Address these issues by outputting this data per-match if the -o flag is
specified, and prior to outputting any matches if -o but not --color,
since --color alone will not generate a new line of output for every
iteration over the matches.

To correct -b output, fudge the line offset as we're printing matches.

While here, make sure we're using grep_printline in -A context.  Context
printing should *never* look at the parsing context, just the line.

The tests included do not pass with gnugrep in base due to it exhibiting
similar quirky behavior that bsdgrep previously exhibited.
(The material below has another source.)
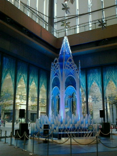 日本郵船ビル横にはオランダ船のレプリカ、館内にはクリスマスの飾りつけ「アナと雪の女王」をモチーフに。

Submitted by:	Kyle Evans <kevans91@ksu.edu>
Reviewed by:	cem
Differential Revision:	https://reviews.freebsd.org/D10580
2017-05-20 11:20:03 +00:00
Ed Maste
fe8c9d5bf1 bsdgrep: emit more than MAX_LINE_MATCHES per line
We should not set an arbitrary cap on the number of matches on a line,
and in any case MAX_LINE_MATCHES of 32 is much too low.  Instead, if we
match more than MAX_LINE_MATCHES, keep processing and matching from the
last match until all are found.

For the regression test, we produce 4096 matches (larger than we expect
we'll ever set MAX_LINE_MATCHES) and make sure we actually get 4096
lines of output with the -o flag.

We'll also make sure that every distinct line is getting its own line
number to detect line metadata not being printed as appropriate along
the way.

PR:		218811
Submitted by:	Kyle Evans <kevans91@ksu.edu>
Reported by:	jbeich
Reviewed by:	cem
Differential Revision:	https://reviews.freebsd.org/D10577
2017-05-20 03:51:31 +00:00
Ed Maste
b5fc583c27 bsdgrep: don't allow negative -A / -B / -C
Previously, when given a negative -A/-B/-C argument bsdgrep would
overflow the respective context flag(s) and exhibited surprising
behavior.

Fix this by removing unsignedness of Aflag/Bflag and erroring out if
we're given a value < 0.  Also adjust the type used to track 'tail'
context in procfile() so that it accurately reflects the Aflag value
rather than overflowing and losing trailing context.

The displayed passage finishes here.